Stored items from a collection:
□ □ □

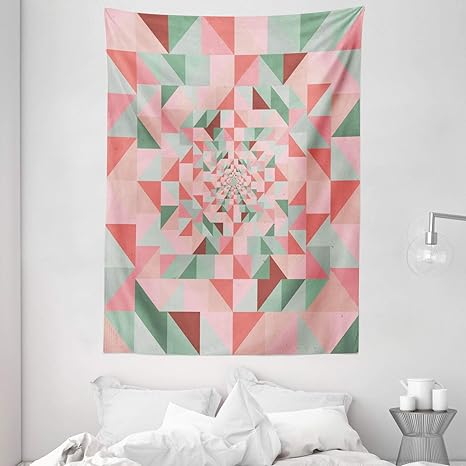 Amazon Com Ambesonne Retro Tapestry Unusual Art Composition Of Geometrical Shapes Triangles Pastel Color Pattern Wall Hanging For Bedroom Living Room Dorm Decor 60 X 80 Green Pink Coral Home Kitchen
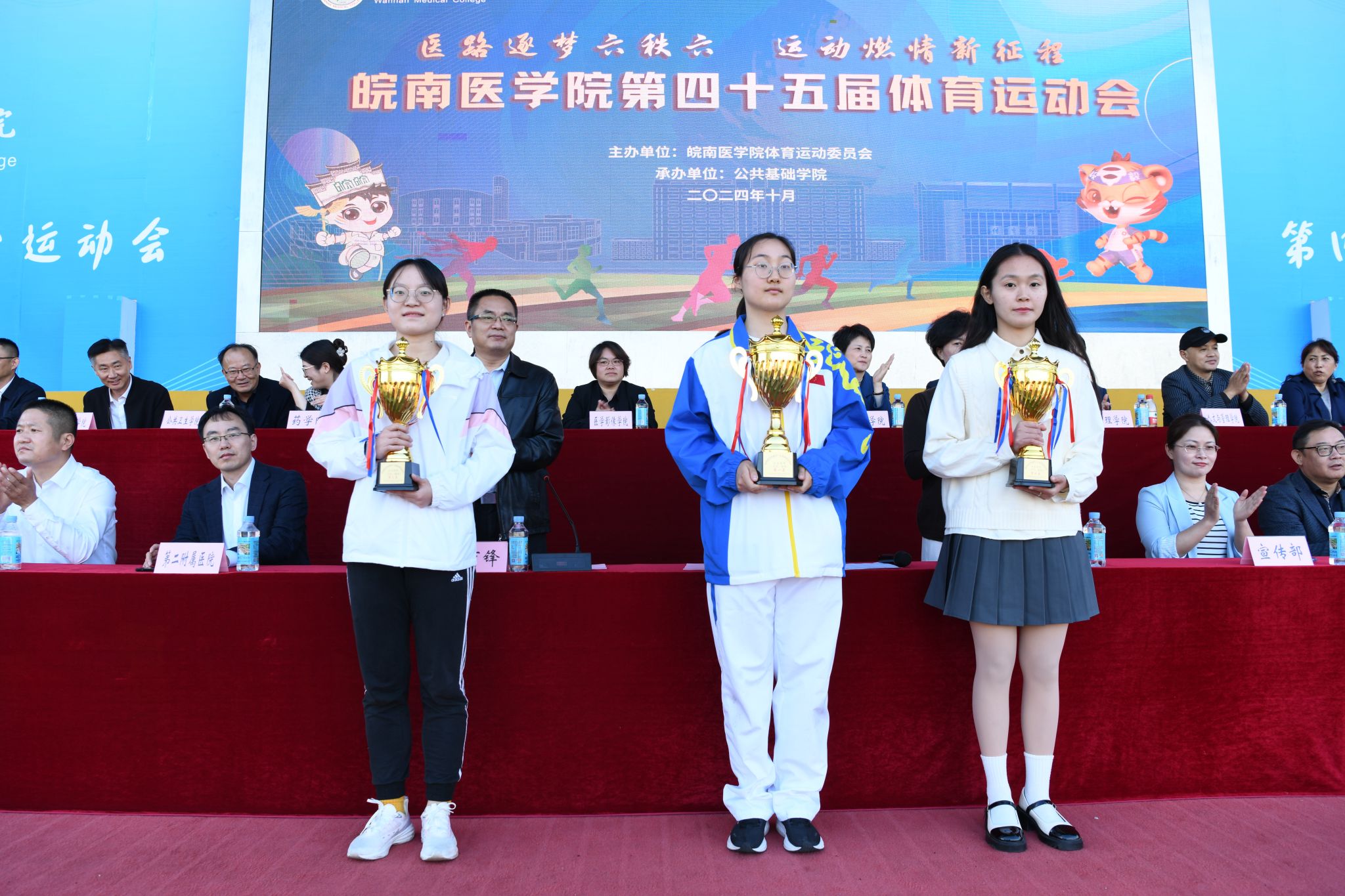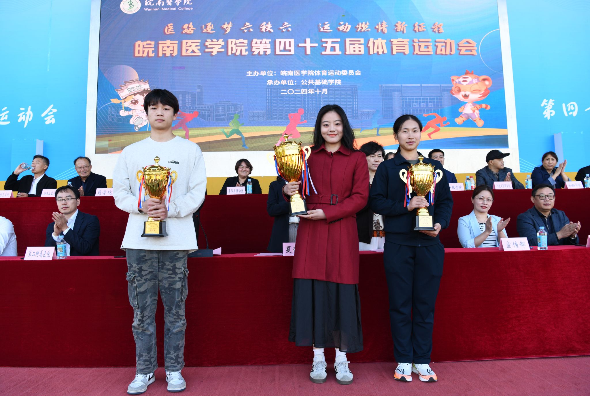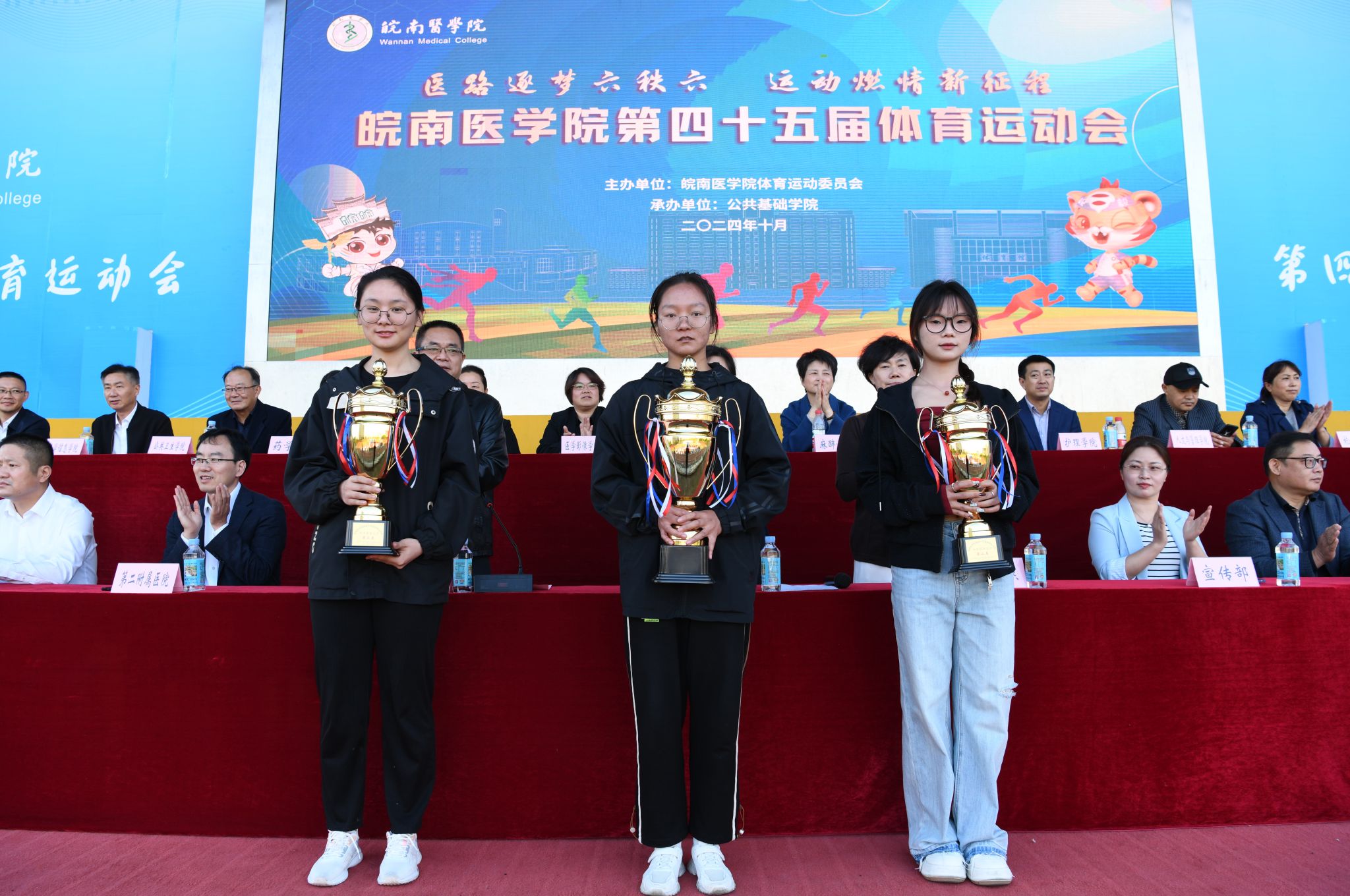 第45届体育运动会总裁判长周广仁宣布了本届运动会比赛成绩。田径、趣味项目女子团体前三名分别为临床医学院、医学影像学院、药学院,田径、趣味项目男子团队前三名分别为医学影像学院、麻醉学院、药学院,田径、趣味项目男女团体前三名分别为医学影像学院、临床医学院、药学院;年度女子团体总分前三名分别为临床医学院、医学影像学院、药学院,年度男子团体总分前三名分别为医学影像学院、麻醉学院、药学院,年度男女团体总分前三名分别为医学影像学院、临床医学院、药学院;“最佳组织奖”获奖单位为临床医学院、麻醉学院、医学影像学院、药学院;“体育道德风尚奖”获奖单位为法医学院、口腔医学院、护理学院、人文与管理学院、公共卫生学院、检验学院、医学信息学院、研究生学院、基础医学院、国际学生组。在欢快的旋律中,校领导分别为获奖集体颁奖。
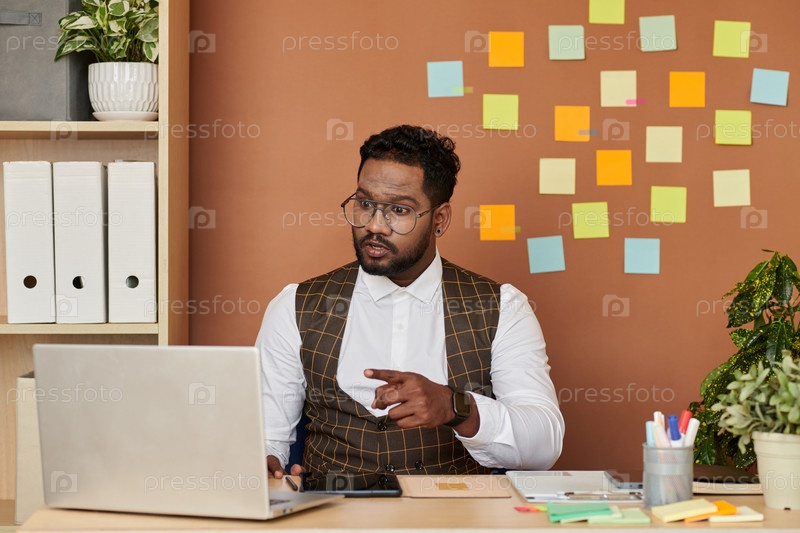 Бизнесмен, посещающий онлайн-встречу
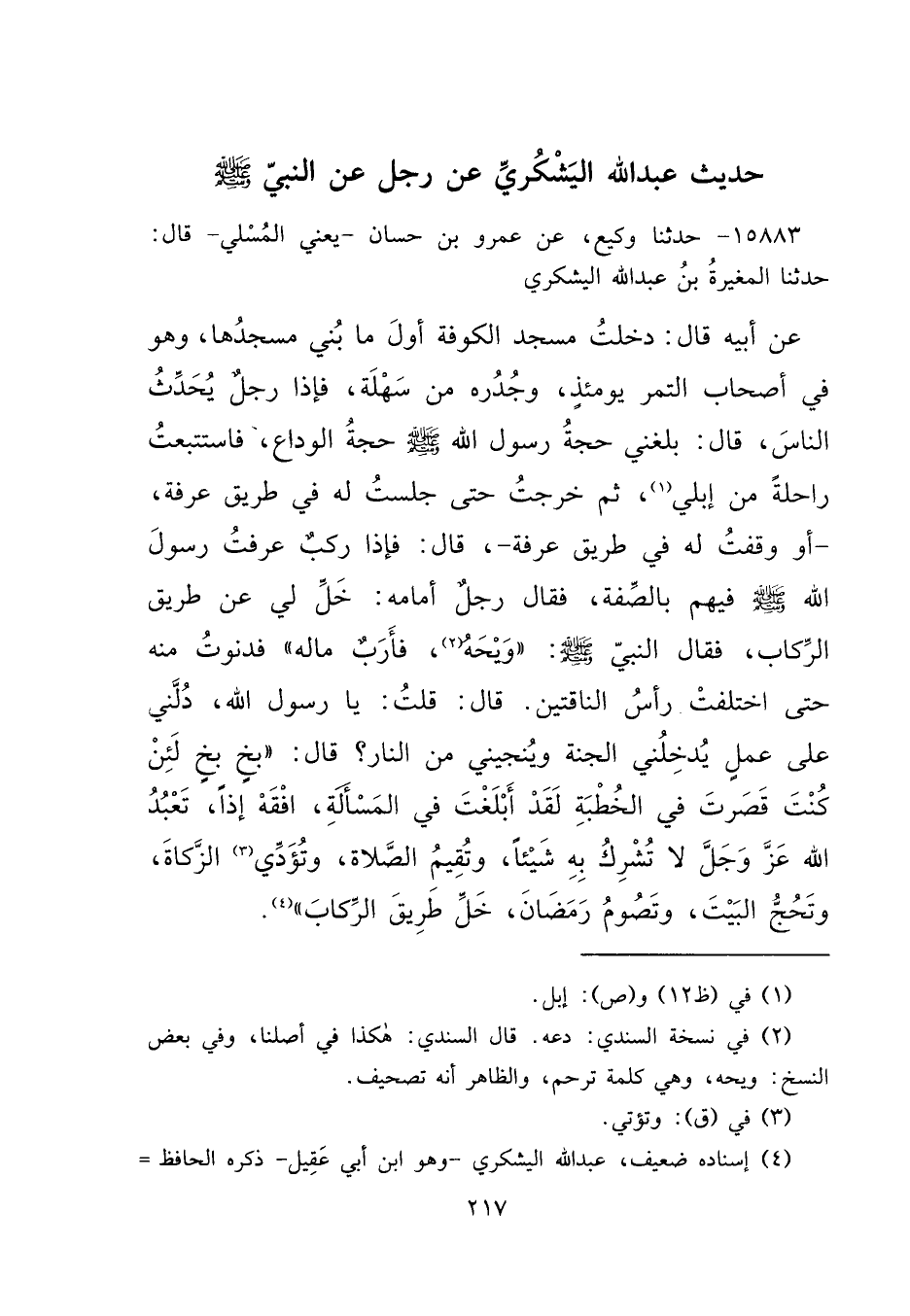١٥٨٨٣ - حَدَّثَنَا وَكِيعٌ، عَنْ عَمْرِو بْنِ حَسَّانَ يَعْنِي الْمُسْلِيَّ، قَالَ: حَدَّثَنَا الْمُغِيرَةُ بْنُ عَبْدِ اللهِ الْيَشْكُرِيُّ، عَنْ أَبِيهِ، قَالَ: دَخَلْتُ مَسْجِدَ الْكُوفَةِ أَوَّلَ مَا بُنِيَ مَسْجِدُهَا، وَهُوَ فِي أَصْحَابِ التَّمْرِ يَوْمَئِذٍ، وَجُدُرُهُ مِنْ سِهْلَةٍ، فَإِذَا رَجُلٌ يُحَدِّثُ النَّاسَ، قَالَ: بَلَغَنِي حَجَّةُ رَسُولِ اللهِ صَلَّى اللهُ عَلَيْهِ وَسَلَّمَ، حَجَّةُ الْوَدَاعِ، فَاسْتَتْبَعْتُ رَاحِلَةً مِنْ إِبِلِي (١) ، ثُمَّ خَرَجْتُ حَتَّى جَلَسْتُ لَهُ فِي طَرِيقِ عَرَفَةَ - أَوْ وَقَفْتُ لَهُ فِي طَرِيقِ عَرَفَةَ - قَالَ: فَإِذَا رَكْبٌ عَرَفْتُ رَسُولَ اللهِ صَلَّى اللهُ عَلَيْهِ وَسَلَّمَ فِيهِمْ بِالصِّفَةِ، فَقَالَ رَجُلٌ أَمَامَهُ: خَلِّ لِي عَنْ طَرِيقِ الرِّكَابِ، فَقَالَ النَّبِيُّ صَلَّى اللهُ عَلَيْهِ وَسَلَّمَ: " وَيْحَهُ (٢) فَأَرَبٌ مَا لَهُ " فَدَنَوْتُ مِنْهُ حَتَّى اخْتَلَفَتْ رَأْسُ النَّاقَتَيْنِ، قَالَ: قُلْتُ: يَا رَسُولَ اللهِ، دُلَّنِي عَلَى عَمَلٍ يُدْخِلُنِي الْجَنَّةَ، وَيُنْجِينِي مِنَ النَّارِ، قَالَ: " بَخٍ بَخٍ، لَئِنْ كُنْتَ قَصَّرْتَ فِي الْخُطْبَةِ، لَقَدْ أَبْلَغْتَ فِي الْمَسْأَلَةِ افْقَهْ إِذًا، تَعْبُدُ اللهَ عَزَّ وَجَلَّ لَا تُشْرِكُ بِهِ شَيْئًا، وَتُقِيمُ الصَّلَاةَ، وَتُؤَدِّي (٣) الزَّكَاةَ، وَتَحُجُّ الْبَيْتَ، وَتَصُومُ رَمَضَانَ، خَلِّ طَرِيقَ الرِّكَابِ " (٤)
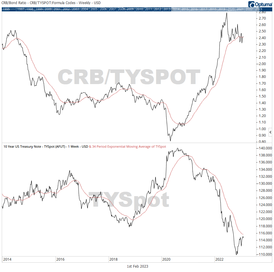 The US Dollar Index is down -1.6% year to date, giving back grounds of 11.5% from its high in Q4/2022. Relative weakness in the US Dollar resulted in grounds gained for major US trading partners — Swiss Franc, Japanese Yen, Euro, and the British pound. The overall trend in DXY is negative — signified by the downtrend in the weekly 13/34 weekly EMA model. Fluctuations in the US Dollar can reverberate across various markets, but it is primarily filtered through in the commodities market. Relative weakness in the dollar is a positive development for commodities, and vice-versa. The ‘Thomson Reuters/Jefferies CRB Index’ has been consolidating on the dollar’s relative weakness since Q2/2022, following a substantial decline of nearly 20% from summer highs. Year to date, The CRB Index is down -2.14% despite early advances in precious and base metals such as Copper and Gold, advancing 11% and 7%, respectively. The consolidation in crude oil and agriculture have weighed down overall index performance.

□ □ □

> _Task_
Print all of the entries word for word. Skip any images they contain.

> _Answer_
 Amazon Com Ambesonne Retro Tapestry Unusual Art Composition Of Geometrical Shapes Triangles Pastel Color Pattern Wall Hanging For Bedroom Living Room Dorm Decor 60 X 80 Green Pink Coral Home Kitchen
 第45届体育运动会总裁判长周广仁宣布了本届运动会比赛成绩。田径、趣味项目女子团体前三名分别为临床医学院、医学影像学院、药学院,田径、趣味项目男子团队前三名分别为医学影像学院、麻醉学院、药学院,田径、趣味项目男女团体前三名分别为医学影像学院、临床医学院、药学院;年度女子团体总分前三名分别为临床医学院、医学影像学院、药学院,年度男子团体总分前三名分别为医学影像学院、麻醉学院、药学院,年度男女团体总分前三名分别为医学影像学院、临床医学院、药学院;“最佳组织奖”获奖单位为临床医学院、麻醉学院、医学影像学院、药学院;“体育道德风尚奖”获奖单位为法医学院、口腔医学院、护理学院、人文与管理学院、公共卫生学院、检验学院、医学信息学院、研究生学院、基础医学院、国际学生组。在欢快的旋律中,校领导分别为获奖集体颁奖。
 Бизнесмен, посещающий онлайн-встречу
١٥٨٨٣ - حَدَّثَنَا وَكِيعٌ، عَنْ عَمْرِو بْنِ حَسَّانَ يَعْنِي الْمُسْلِيَّ، قَالَ: حَدَّثَنَا الْمُغِيرَةُ بْنُ عَبْدِ اللهِ الْيَشْكُرِيُّ، عَنْ أَبِيهِ، قَالَ: دَخَلْتُ مَسْجِدَ الْكُوفَةِ أَوَّلَ مَا بُنِيَ مَسْجِدُهَا، وَهُوَ فِي أَصْحَابِ التَّمْرِ يَوْمَئِذٍ، وَجُدُرُهُ مِنْ سِهْلَةٍ، فَإِذَا رَجُلٌ يُحَدِّثُ النَّاسَ، قَالَ: بَلَغَنِي حَجَّةُ رَسُولِ اللهِ صَلَّى اللهُ عَلَيْهِ وَسَلَّمَ، حَجَّةُ الْوَدَاعِ، فَاسْتَتْبَعْتُ رَاحِلَةً مِنْ إِبِلِي (١) ، ثُمَّ خَرَجْتُ حَتَّى جَلَسْتُ لَهُ فِي طَرِيقِ عَرَفَةَ - أَوْ وَقَفْتُ لَهُ فِي طَرِيقِ عَرَفَةَ - قَالَ: فَإِذَا رَكْبٌ عَرَفْتُ رَسُولَ اللهِ صَلَّى اللهُ عَلَيْهِ وَسَلَّمَ فِيهِمْ بِالصِّفَةِ، فَقَالَ رَجُلٌ أَمَامَهُ: خَلِّ لِي عَنْ طَرِيقِ الرِّكَابِ، فَقَالَ النَّبِيُّ صَلَّى اللهُ عَلَيْهِ وَسَلَّمَ: " وَيْحَهُ (٢) فَأَرَبٌ مَا لَهُ " فَدَنَوْتُ مِنْهُ حَتَّى اخْتَلَفَتْ رَأْسُ النَّاقَتَيْنِ، قَالَ: قُلْتُ: يَا رَسُولَ اللهِ، دُلَّنِي عَلَى عَمَلٍ يُدْخِلُنِي الْجَنَّةَ، وَيُنْجِينِي مِنَ النَّارِ، قَالَ: " بَخٍ بَخٍ، لَئِنْ كُنْتَ قَصَّرْتَ فِي الْخُطْبَةِ، لَقَدْ أَبْلَغْتَ فِي الْمَسْأَلَةِ افْقَهْ إِذًا، تَعْبُدُ اللهَ عَزَّ وَجَلَّ لَا تُشْرِكُ بِهِ شَيْئًا، وَتُقِيمُ الصَّلَاةَ، وَتُؤَدِّي (٣) الزَّكَاةَ، وَتَحُجُّ الْبَيْتَ، وَتَصُومُ رَمَضَانَ، خَلِّ طَرِيقَ الرِّكَابِ " (٤)
 The US Dollar Index is down -1.6% year to date, giving back grounds of 11.5% from its high in Q4/2022. Relative weakness in the US Dollar resulted in grounds gained for major US trading partners — Swiss Franc, Japanese Yen, Euro, and the British pound. The overall trend in DXY is negative — signified by the downtrend in the weekly 13/34 weekly EMA model. Fluctuations in the US Dollar can reverberate across various markets, but it is primarily filtered through in the commodities market. Relative weakness in the dollar is a positive development for commodities, and vice-versa. The ‘Thomson Reuters/Jefferies CRB Index’ has been consolidating on the dollar’s relative weakness since Q2/2022, following a substantial decline of nearly 20% from summer highs. Year to date, The CRB Index is down -2.14% despite early advances in precious and base metals such as Copper and Gold, advancing 11% and 7%, respectively. The consolidation in crude oil and agriculture have weighed down overall index performance.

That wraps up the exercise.